As I have said, we were well into the autumn of the year. Somewhere in the middle of October. And now several things happened, more or less simultaneously. I arrived one afternoon
for my visit with Martin and found a policeman standing guard at the Tisdales’ door. I had to identify myself in order to be allowed to ring the bell. Emily admitted me. Behind her, her white-haired father was coming down the hall. “Newspapers! Police! What next, what next! I’m an old man, don’t you people understand? I am not used to this!”
Emily saw me into the front parlor and excused them both for a moment … and I heard their voices retreat upstairs, his louder than hers, but hers prevailing apparently … because in a few minutes she was back downstairs without him.
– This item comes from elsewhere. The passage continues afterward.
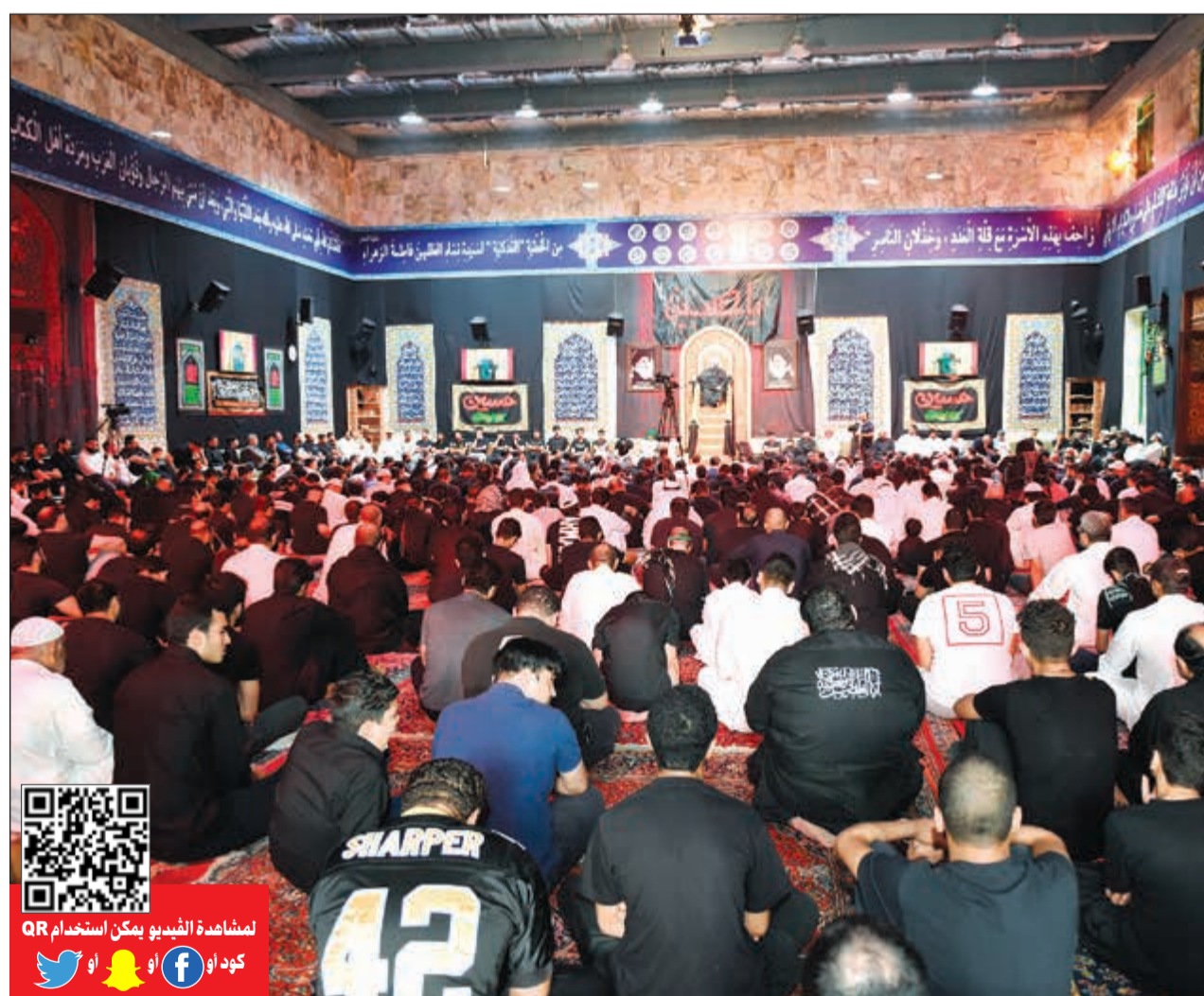
جاناب من مجلس العزاء في الحسينية الكربلائية صباح أمس (مستن غوزال)

أحيا آلاف المواطنين والمقيمين يوم العاشر من المحرم، واستذكروا مناقب سيد شباب أهل الجنة، وتطرقوا إلى مأساة فاجعة كربلاء وسط حزن وبكاء رواد الحسينيات على مصاب ريحانة رسول الله صلى الله عليه وآله وسلم. وبينما تضرع خطباء الحسينيات إلى المولى عز وجل أن يحفظ الكويت وقيادتها وأهلها والمقيمين فيها لاسيما في ظل التحديات التي تشهدها المنطقة، توجهوا بالشكر إلى رجال الداخلية على جهودهم في تأمين محاسن الذكر على مدى الأيام الماضية. في هذه الأثناء، أكد مصدر أمني مطلع أن الخطة التي وضعتها وزارة الداخلية لتأمين الحسينيات والمساجد حققت الهدف منها، لاسيما في ظل تعاون المواطنين والمقيمين، لافتاً إلى أن تلك الخطة شاركت فيها قطاعات الوزارة الميدانية وفي مقدمتها أمن الدولة والمرور والأمن العام والنجدة والأمن الخاص. وبمواكبة ذلك، كانت وزارة الصحّة على أهبة الاستعداد للتعامل مع أي طارئ وذلك بفضل التنسيق بين الطوارئ الطبية وأجهزة الداخلية وأصحاب الحسينيات. هذا، وبينما شهدت الجهات الحكومية نسبة غياب كبيرة أمس في ظل السماح للإخوة الشيعة بالعطلة، كان الغياب شبه جماعي لطلبة مدارس التربية، حيث سجلت نسبة الحضور في أغلب المدارس 70٪.

She said: “The man who was arrested has been found dead at the Tombs. The omnibus driver? Wrangel, is that his name? He hanged himself in his cell.”
“Where is Donne?”
“He has gone to get Noah from school.”
“Where is Martin?”
“He is upstairs in his room. His mother is with him.”
My blood was racing now. One could anticipate a certain degree of desperation on everyone’s part. The previous evening there had been the citizens’ meeting I think I have mentioned … at the Cooper Union. A raucous meeting with calls for Tweed’s scalp. Instead they formed a committee of seventy … eminent men, to bring a taxpayers’ suit against the mayor and his administration. This was to enjoin the Ring from issuing bonds or paying city money to any supplier until an investigation was held. I didn’t know what judge would give them their injunction, but it was electrifying news that the attempt would even be made.
I waited anxiously for Donne. When he returned safely with Noah and had seen him upstairs, we were able to talk alone for a few minutes. Of course he had not believed Wrangel
had hanged himself. He told me there were bruises on the driver’s skull. He’d been struck unconscious before he’d been strung up.
“Who would be employed for that?”
“It’s not an unknown practice … for the Municipals to save the judiciary the bother of an actual trial.”
“Are the Pembertons in danger?”
“I don’t know. It depends on who’s attending to this. I have to assume they could have traced Martin through the hospital. They may not have. They may be thoroughly occupied with their other troubles…. Wrangel may be sufficient for them for the time being. Or he may not. Conceivably, they could be engaged in a general … extirpation of the evidence. Of course, you shouldn’t go into this with the others.”
“Of course. Though your police guard seems to have unsettled the whole household.”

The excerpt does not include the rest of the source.